INFORMATION SHOWN: Begin
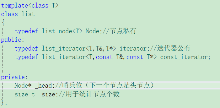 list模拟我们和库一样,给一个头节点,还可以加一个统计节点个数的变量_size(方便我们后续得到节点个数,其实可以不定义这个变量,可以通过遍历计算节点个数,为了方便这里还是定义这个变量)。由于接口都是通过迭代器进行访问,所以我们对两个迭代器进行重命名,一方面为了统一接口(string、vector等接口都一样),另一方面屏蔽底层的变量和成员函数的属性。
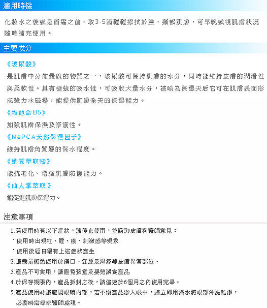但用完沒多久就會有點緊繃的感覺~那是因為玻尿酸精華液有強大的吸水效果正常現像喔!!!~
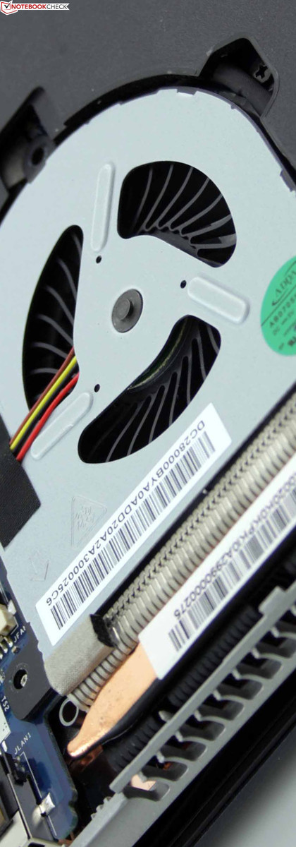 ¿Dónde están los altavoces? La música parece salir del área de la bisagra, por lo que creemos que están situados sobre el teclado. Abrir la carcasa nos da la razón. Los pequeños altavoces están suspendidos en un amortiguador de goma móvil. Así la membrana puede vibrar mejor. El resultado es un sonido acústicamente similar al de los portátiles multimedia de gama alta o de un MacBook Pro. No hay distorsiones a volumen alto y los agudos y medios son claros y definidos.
INFORMATION SHOWN: End
INFORMATION SHOWN: Begin
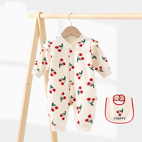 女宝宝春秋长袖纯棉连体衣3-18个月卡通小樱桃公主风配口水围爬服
INFORMATION SHOWN: End
TASK BRIEF:
Nothing except the lines from the one containing "但用完沒多久就會有點緊繃的感" through the one containing "claros y definidos." should appear in the answer, exactly as above and without pictures.

RESPONSE:
但用完沒多久就會有點緊繃的感覺~那是因為玻尿酸精華液有強大的吸水效果正常現像喔!!!~
 ¿Dónde están los altavoces? La música parece salir del área de la bisagra, por lo que creemos que están situados sobre el teclado. Abrir la carcasa nos da la razón. Los pequeños altavoces están suspendidos en un amortiguador de goma móvil. Así la membrana puede vibrar mejor. El resultado es un sonido acústicamente similar al de los portátiles multimedia de gama alta o de un MacBook Pro. No hay distorsiones a volumen alto y los agudos y medios son claros y definidos.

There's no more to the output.